Task instructions = Shown below are entries with pictures; the line with "Indicator: DC 5V" through the line with "食物BUFF 舰数 经验加成舒适度与经验加成比" is the span to retype exactly, and the pictures stay out.

Records provided =
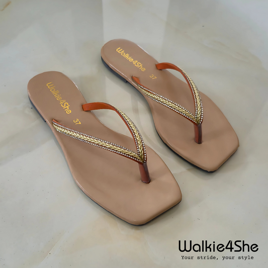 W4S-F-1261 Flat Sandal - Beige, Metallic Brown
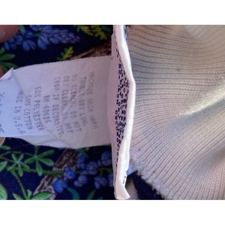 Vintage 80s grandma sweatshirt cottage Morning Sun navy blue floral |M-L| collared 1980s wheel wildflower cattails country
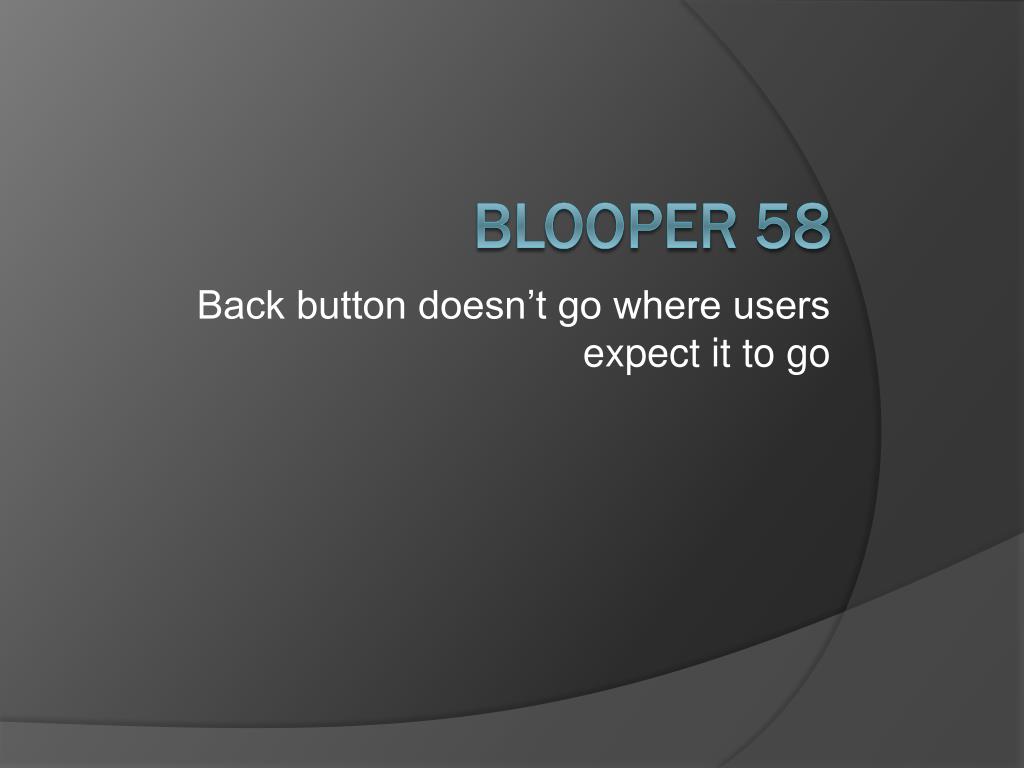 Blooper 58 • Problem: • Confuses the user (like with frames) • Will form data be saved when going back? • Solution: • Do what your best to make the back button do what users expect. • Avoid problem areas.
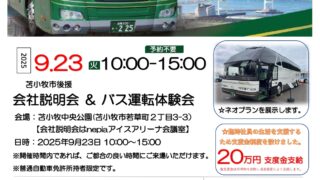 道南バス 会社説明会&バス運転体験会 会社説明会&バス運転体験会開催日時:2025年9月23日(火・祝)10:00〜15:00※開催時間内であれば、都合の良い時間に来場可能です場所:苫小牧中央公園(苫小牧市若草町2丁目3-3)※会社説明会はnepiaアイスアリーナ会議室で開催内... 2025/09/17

---

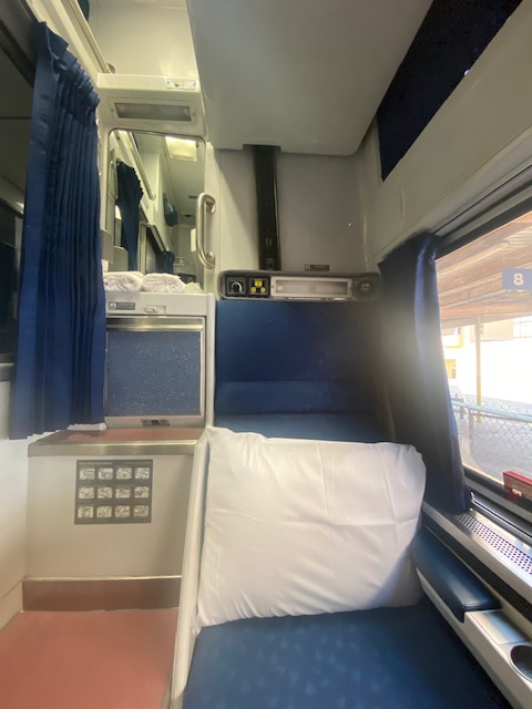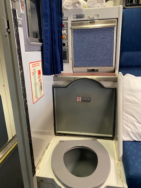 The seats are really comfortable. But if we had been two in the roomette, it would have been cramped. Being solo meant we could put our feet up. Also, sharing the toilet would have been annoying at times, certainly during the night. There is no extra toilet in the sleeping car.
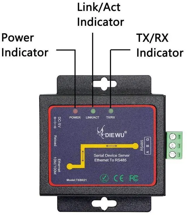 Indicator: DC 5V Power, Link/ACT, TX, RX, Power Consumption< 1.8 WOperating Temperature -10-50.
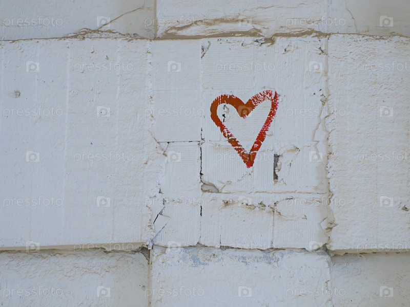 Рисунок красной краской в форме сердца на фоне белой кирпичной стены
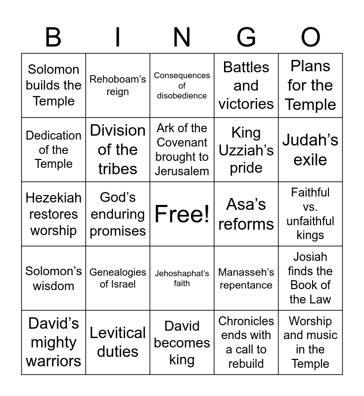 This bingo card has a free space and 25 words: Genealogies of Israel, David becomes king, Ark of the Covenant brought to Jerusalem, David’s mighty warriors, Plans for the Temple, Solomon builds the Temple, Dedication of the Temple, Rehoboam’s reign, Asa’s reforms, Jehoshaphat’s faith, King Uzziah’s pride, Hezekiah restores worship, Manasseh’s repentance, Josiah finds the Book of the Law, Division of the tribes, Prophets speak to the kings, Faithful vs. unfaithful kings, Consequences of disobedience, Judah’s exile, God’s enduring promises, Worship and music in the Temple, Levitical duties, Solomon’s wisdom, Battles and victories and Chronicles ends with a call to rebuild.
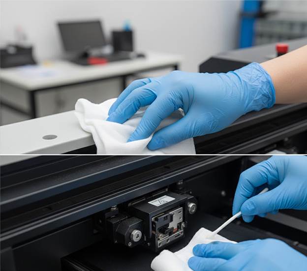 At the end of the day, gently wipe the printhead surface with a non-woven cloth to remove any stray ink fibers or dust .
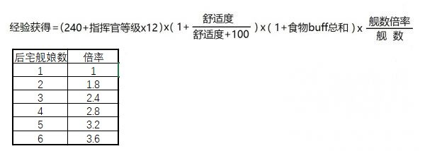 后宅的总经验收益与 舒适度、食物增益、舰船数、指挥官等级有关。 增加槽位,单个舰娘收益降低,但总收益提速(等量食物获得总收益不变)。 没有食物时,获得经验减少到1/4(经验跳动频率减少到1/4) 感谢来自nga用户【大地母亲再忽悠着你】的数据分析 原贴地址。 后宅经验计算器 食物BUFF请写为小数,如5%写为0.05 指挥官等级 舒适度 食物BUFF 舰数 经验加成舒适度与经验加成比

* * *

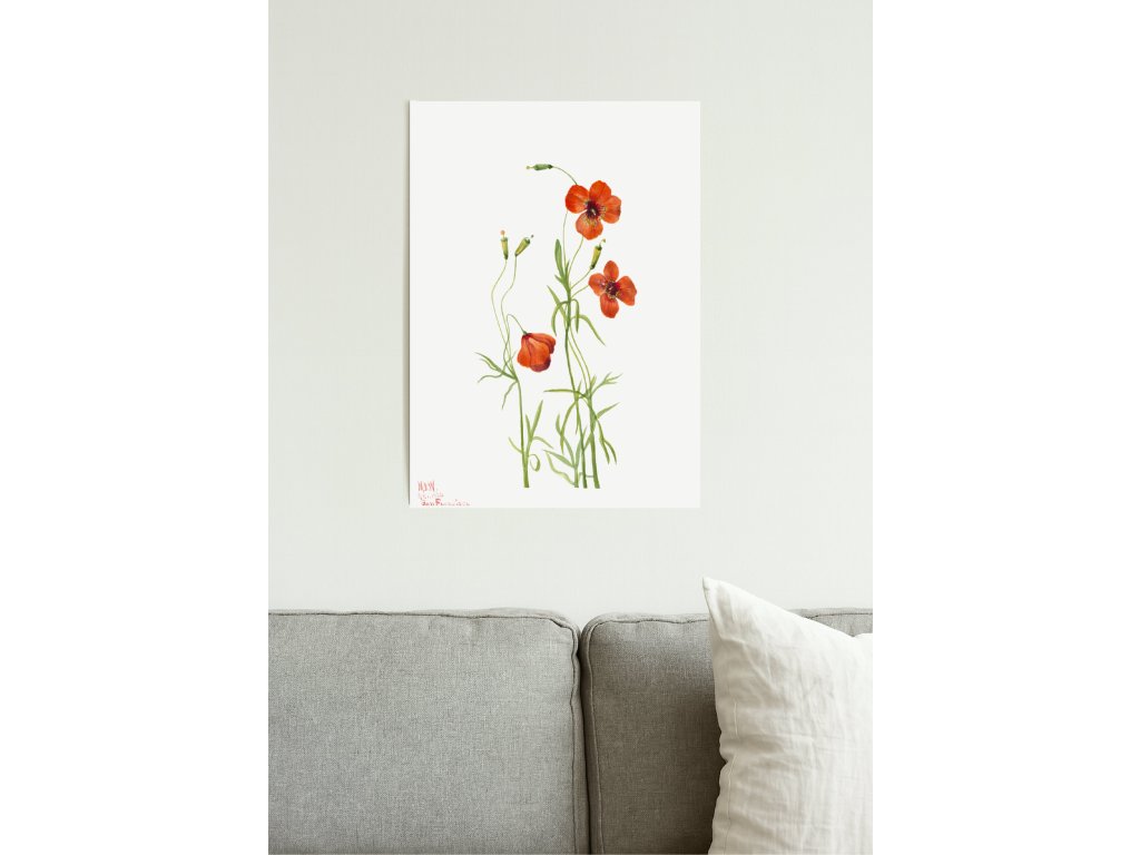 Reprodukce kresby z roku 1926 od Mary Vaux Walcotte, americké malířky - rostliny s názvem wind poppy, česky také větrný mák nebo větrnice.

Written answer =
 Indicator: DC 5V Power, Link/ACT, TX, RX, Power Consumption< 1.8 WOperating Temperature -10-50.
 Рисунок красной краской в форме сердца на фоне белой кирпичной стены
 This bingo card has a free space and 25 words: Genealogies of Israel, David becomes king, Ark of the Covenant brought to Jerusalem, David’s mighty warriors, Plans for the Temple, Solomon builds the Temple, Dedication of the Temple, Rehoboam’s reign, Asa’s reforms, Jehoshaphat’s faith, King Uzziah’s pride, Hezekiah restores worship, Manasseh’s repentance, Josiah finds the Book of the Law, Division of the tribes, Prophets speak to the kings, Faithful vs. unfaithful kings, Consequences of disobedience, Judah’s exile, God’s enduring promises, Worship and music in the Temple, Levitical duties, Solomon’s wisdom, Battles and victories and Chronicles ends with a call to rebuild.
 At the end of the day, gently wipe the printhead surface with a non-woven cloth to remove any stray ink fibers or dust .
 后宅的总经验收益与 舒适度、食物增益、舰船数、指挥官等级有关。 增加槽位,单个舰娘收益降低,但总收益提速(等量食物获得总收益不变)。 没有食物时,获得经验减少到1/4(经验跳动频率减少到1/4) 感谢来自nga用户【大地母亲再忽悠着你】的数据分析 原贴地址。 后宅经验计算器 食物BUFF请写为小数,如5%写为0.05 指挥官等级 舒适度 食物BUFF 舰数 经验加成舒适度与经验加成比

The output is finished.